The 12 sessions of the PSADC paradigm led to a 22% improvement in dopamine-sensitive PD MDS-UPDRS Motor III symptoms such as tremors, bradykinesia, and rigidity. This suggests that the PSADC paradigm may enhance neuroplasticity and facilitate the upregulation of dopamine production and release, like the effects of levodopa therapy, but through natural, exercise-induced pathways. This idea is consistent with previous research indicating that exercise has an effect similar to levodopa and could potentially enhance dopaminergic function in the basal ganglia of individuals with PD [39,40,41]. We observed notable improvements in movement speed and rhythm following the PSADC paradigm, consistent with previous research underscoring the beneficial effects of dynamic cycling on bradykinesia and motor timing in the PD population [15,16]. In addition, an interesting observation was the decrease in movement amplitude concurrent with the increase in speed. This phenomenon can be interpreted as participants reducing their range of motion as a compensatory mechanism to increase task performance speed. It suggests a potential trade-off between speed and amplitude, reflecting an adaptive strategy by individuals with PD to maintain or improve movement efficiency.

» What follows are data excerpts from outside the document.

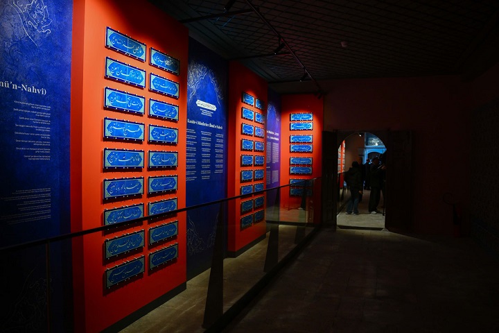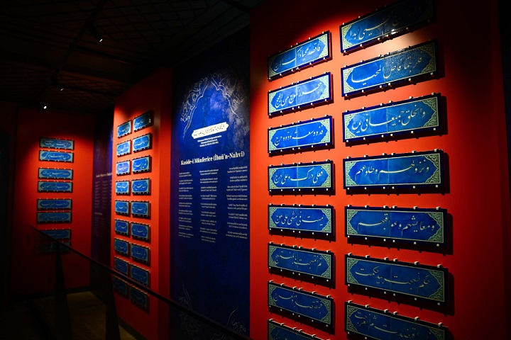 Galerinin dikkat çekici unsurlarından biri, Osman Gazi’den Sultan II. Selim’e kadar Osmanlı sultanlarının isimlerinin 16. yüzyıl çinileri üzerine bir bütün halinde yazılmış olmasıdır. Bu uygulama, çini sanatının yalnızca dekoratif değil, aynı zamanda tarihsel hafızayı taşıyan bir araç olarak da kullanıldığını ortaya koyuyor. Ayrıca 11. yüzyılda Tunuslu şair İbnü’n-Nahvi tarafından kaleme alınan Kaside-i Münferice’den seçilmiş beyitlerin işlendiği çiniler, edebiyat ve görsel sanatlar arasındaki ilişkiyi gözler önüne seriyor.
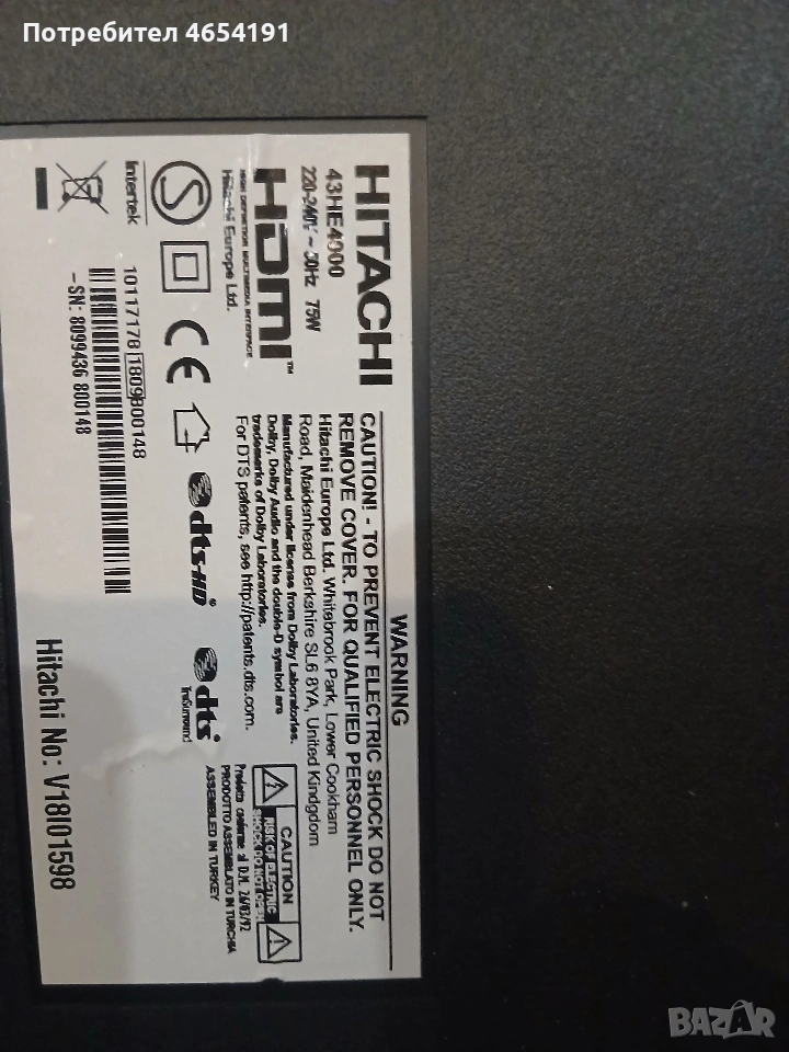 Телевизор Hitachi 43he4000 на части → Обява 53568802
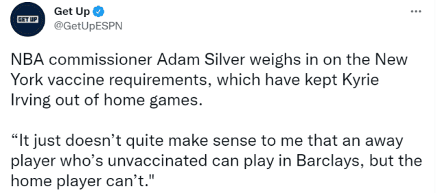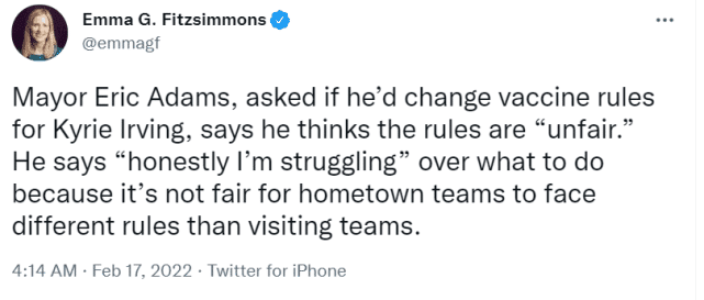 “首先,我认为这条规定不公平,其他城市的运动员可以不接种疫苗来到这儿,而纽约的运动员却必须接种疫苗。这不公平,我不知道是不是波士顿的球迷制定了这条规则(前市长比尔·德布拉西奥是波士顿红袜队球迷)。”他对前市长的调侃,引起一片笑声。
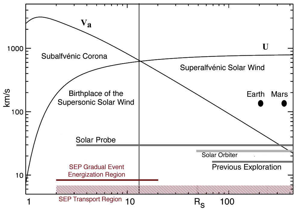 Parker Solar Probe est ainsi une mission pionnière de la NASA, officiellement sélectionnée depuis le 2 septembre 2010 , et qui explorera pour la première fois la proche couronne solaire, jusqu’à 9.5R⊙, à comparer avec les 60R⊙ d’approche maximale de Solar Orbiter (ESA-Cosmic Vision) ou des sondes Helios (RFA-NASA) dans les années 70. Notons à cet égard que, d’une part, les résultats d’Helios sont les seules mesures in situ « proches » dont on dispose à l’heure actuelle, et ont été largement utilisés pour définir, par extrapolation, les domaines d’investigation de PSP et, d’autre part, une grande synergie scientifique existe entre PSP et Solar Orbiter.
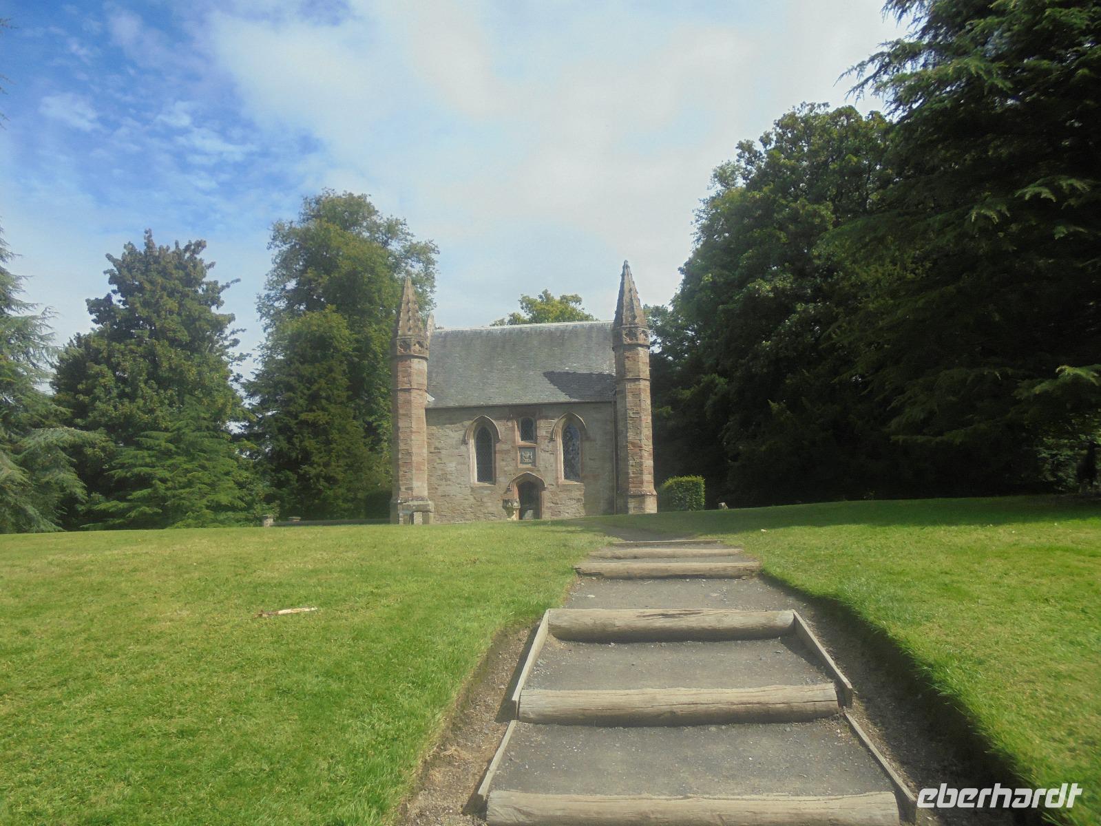 Ein weiteres Extra erlaubte uns einen kurzen Blick auf eine Legende. Am Scone Palace befindet sich nicht nur der beeindruckende neogotische Palast, sondern auch einer der historischen Standorte des piktisch-schottischen Krönungsstein. Nach der Zusammenführung der piktischen und schottischen Clans gründete der Legende nach Kenneth I. McAlpin das schottische Königreich und ließ 846 den legendären „Stein des Schicksals" hierherbringen, vor dem nur ein wahrer König Gnade finden würde, sobald er sich auf ihn setzte. So wurden bis 1296 wurden alle Könige Schottlands hier gekrönt, bevor Eduard I. von England den Stein in seinen Thron in Westminster einbauen ließ und er erst 700 Jahre später zurückgegeben wurde. Sein vor diesen Ereignissen üblicher Aufbewahrungsort, der Moot Hill, blieb dennoch weiterhin schottischer Krönungsort. Der von einer Kapelle dominierte Hügel ist auch eine Legende, denn man erzählt sich, dass die Clanchefs immer dem König auf ihrem eigenen Grund und Boden Treue schwören mussten. Wegen der vielen geografisch zerrissenen Territorien und den wenigen vorhandenen Straßen war Reisen überallhin für den König unmöglich - daher kamen die Clanchefs für den Treue-Eid in die Hauptstadt und brachten Heimaterde für den Schwur in ihren Stiefeln mit. So standen sie beim Eid auf ihrem Grund und Boden und schütteten danach ihre Stiefel aus. So entstand aus der gesammelten Heimaterde aller Clans im Laufe der Zeit der Hügel ...

Notably, the NA group demonstrated a slight worsening of symptoms despite initial motor function improvement through session 6. This finding could be due to insufficient exercise intensity and lack of motivation. The non-adaptive dynamic cycling intervention might not be variable enough to elicit the physiological adaptations that we see with the PSADC paradigm. The resistance setting for the NA group was set at 1 on a scale of 1–6, and this resistance level might have been high enough to provide physiological benefits for the first six sessions [16], but participants in the NA group might also have acclimated to this low-intensity exercise, limiting the stimuli sufficient to realize the physiological benefits of high-cadence cycling. Moreover, we observed a gradual decrease in effort in some NA group participants during the second half of the intervention. This phenomenon did not emerge in the participants of the PSADC group. As a result, a significant difference in effort emerged between the two groups. We postulate that reduced effort levels and lack of variability in the resistance settings over the intervention may have limited the effect of the dynamic cycling intervention on PD motor symptoms [20]. Without sufficient variability or challenge, the NA intervention may not fully engage motor circuits or activate proprioceptive feedback mechanisms—essential for motor function improvement. In future studies, NA interventions could be enhanced by incorporating periodic adjustments to resistance levels, even if not individualized, to introduce more challenge and variability.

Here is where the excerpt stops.